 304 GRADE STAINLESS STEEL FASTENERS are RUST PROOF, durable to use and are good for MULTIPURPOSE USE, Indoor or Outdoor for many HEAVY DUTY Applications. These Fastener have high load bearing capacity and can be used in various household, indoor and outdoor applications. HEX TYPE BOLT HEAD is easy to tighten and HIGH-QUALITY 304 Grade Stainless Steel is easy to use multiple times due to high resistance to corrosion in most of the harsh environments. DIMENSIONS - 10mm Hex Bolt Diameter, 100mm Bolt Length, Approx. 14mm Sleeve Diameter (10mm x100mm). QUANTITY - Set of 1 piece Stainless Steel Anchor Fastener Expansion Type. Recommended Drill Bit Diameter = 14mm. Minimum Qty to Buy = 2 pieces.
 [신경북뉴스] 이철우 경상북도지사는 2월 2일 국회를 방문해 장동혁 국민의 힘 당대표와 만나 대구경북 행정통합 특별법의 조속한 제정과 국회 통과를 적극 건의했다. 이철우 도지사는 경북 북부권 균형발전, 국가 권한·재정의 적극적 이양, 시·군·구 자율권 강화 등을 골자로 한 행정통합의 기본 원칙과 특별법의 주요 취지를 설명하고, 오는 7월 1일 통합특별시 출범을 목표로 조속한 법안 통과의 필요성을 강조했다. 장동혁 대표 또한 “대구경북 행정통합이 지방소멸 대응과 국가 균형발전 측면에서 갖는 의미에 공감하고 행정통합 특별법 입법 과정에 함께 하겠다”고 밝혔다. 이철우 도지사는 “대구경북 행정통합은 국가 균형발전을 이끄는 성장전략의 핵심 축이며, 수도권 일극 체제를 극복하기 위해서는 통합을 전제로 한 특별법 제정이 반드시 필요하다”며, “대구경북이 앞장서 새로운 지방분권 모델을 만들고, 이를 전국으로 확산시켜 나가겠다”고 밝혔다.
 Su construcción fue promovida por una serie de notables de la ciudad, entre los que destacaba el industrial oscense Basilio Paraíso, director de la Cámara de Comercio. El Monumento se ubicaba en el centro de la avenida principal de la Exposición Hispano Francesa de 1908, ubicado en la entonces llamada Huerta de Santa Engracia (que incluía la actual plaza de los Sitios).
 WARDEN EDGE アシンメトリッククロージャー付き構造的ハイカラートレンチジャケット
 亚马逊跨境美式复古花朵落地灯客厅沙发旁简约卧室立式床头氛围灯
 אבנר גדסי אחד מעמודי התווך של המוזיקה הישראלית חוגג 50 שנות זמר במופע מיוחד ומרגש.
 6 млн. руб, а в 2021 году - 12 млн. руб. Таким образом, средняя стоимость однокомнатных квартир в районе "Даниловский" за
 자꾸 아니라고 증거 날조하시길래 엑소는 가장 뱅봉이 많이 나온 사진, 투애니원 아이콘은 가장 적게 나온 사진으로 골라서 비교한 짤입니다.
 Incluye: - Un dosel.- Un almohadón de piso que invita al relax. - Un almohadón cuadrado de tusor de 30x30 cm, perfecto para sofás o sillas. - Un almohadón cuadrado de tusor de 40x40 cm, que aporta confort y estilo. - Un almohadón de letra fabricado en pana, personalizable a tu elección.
+++++
• YOUR TASK:
Beginning with the line that holds "WARDEN EDGE アシンメトリッククロージャー付き構造的ハイカラートレンチジャケット", copy the entries exactly to their last line, and leave out every earlier line.

• THE ANSWER:
 WARDEN EDGE アシンメトリッククロージャー付き構造的ハイカラートレンチジャケット
 亚马逊跨境美式复古花朵落地灯客厅沙发旁简约卧室立式床头氛围灯
 אבנר גדסי אחד מעמודי התווך של המוזיקה הישראלית חוגג 50 שנות זמר במופע מיוחד ומרגש.
 6 млн. руб, а в 2021 году - 12 млн. руб. Таким образом, средняя стоимость однокомнатных квартир в районе "Даниловский" за
 자꾸 아니라고 증거 날조하시길래 엑소는 가장 뱅봉이 많이 나온 사진, 투애니원 아이콘은 가장 적게 나온 사진으로 골라서 비교한 짤입니다.
 Incluye: - Un dosel.- Un almohadón de piso que invita al relax. - Un almohadón cuadrado de tusor de 30x30 cm, perfecto para sofás o sillas. - Un almohadón cuadrado de tusor de 40x40 cm, que aporta confort y estilo. - Un almohadón de letra fabricado en pana, personalizable a tu elección.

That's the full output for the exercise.